● Task prompt
Retype nothing except the lines below from the one with "Hovin kartano Hauholla" through the one with "練習中や食後、試合前にガムを", exactly, with images left out.
───── Supplied records
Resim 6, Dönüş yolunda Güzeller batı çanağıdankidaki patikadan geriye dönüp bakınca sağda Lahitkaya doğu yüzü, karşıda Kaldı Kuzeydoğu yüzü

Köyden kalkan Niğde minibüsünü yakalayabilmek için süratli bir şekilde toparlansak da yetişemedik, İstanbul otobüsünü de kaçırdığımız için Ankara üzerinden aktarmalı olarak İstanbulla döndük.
──────────
───── Supplied records
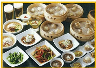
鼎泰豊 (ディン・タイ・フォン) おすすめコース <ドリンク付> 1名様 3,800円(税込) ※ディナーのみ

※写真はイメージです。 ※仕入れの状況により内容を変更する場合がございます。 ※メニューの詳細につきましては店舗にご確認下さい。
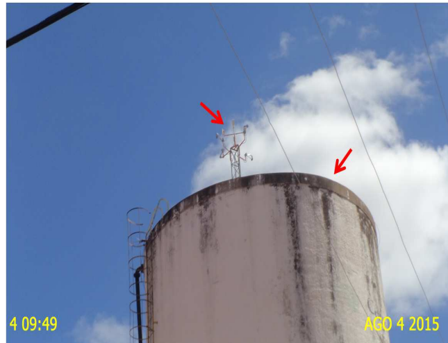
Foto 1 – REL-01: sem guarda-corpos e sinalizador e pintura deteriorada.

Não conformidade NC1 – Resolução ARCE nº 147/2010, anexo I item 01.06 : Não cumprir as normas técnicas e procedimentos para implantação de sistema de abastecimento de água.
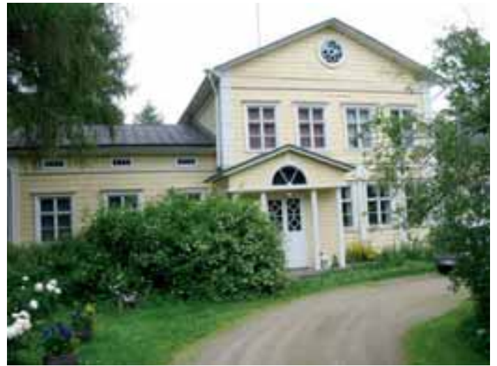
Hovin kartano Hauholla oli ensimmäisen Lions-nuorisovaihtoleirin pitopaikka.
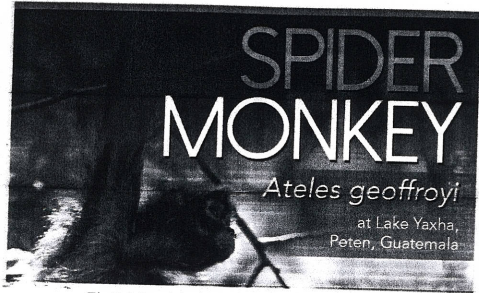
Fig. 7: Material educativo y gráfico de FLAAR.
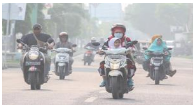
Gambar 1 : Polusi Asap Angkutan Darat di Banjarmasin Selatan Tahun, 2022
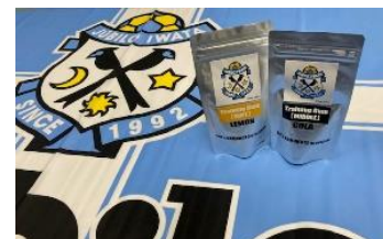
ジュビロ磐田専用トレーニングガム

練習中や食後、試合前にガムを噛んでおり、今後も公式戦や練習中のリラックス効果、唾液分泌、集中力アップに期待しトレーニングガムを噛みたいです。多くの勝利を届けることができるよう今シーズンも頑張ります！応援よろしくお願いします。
──────────
● Result
Hovin kartano Hauholla oli ensimmäisen Lions-nuorisovaihtoleirin pitopaikka.
Fig. 7: Material educativo y gráfico de FLAAR.
Gambar 1 : Polusi Asap Angkutan Darat di Banjarmasin Selatan Tahun, 2022
ジュビロ磐田専用トレーニングガム

練習中や食後、試合前にガムを噛んでおり、今後も公式戦や練習中のリラックス効果、唾液分泌、集中力アップに期待しトレーニングガムを噛みたいです。多くの勝利を届けることができるよう今シーズンも頑張ります！応援よろしくお願いします。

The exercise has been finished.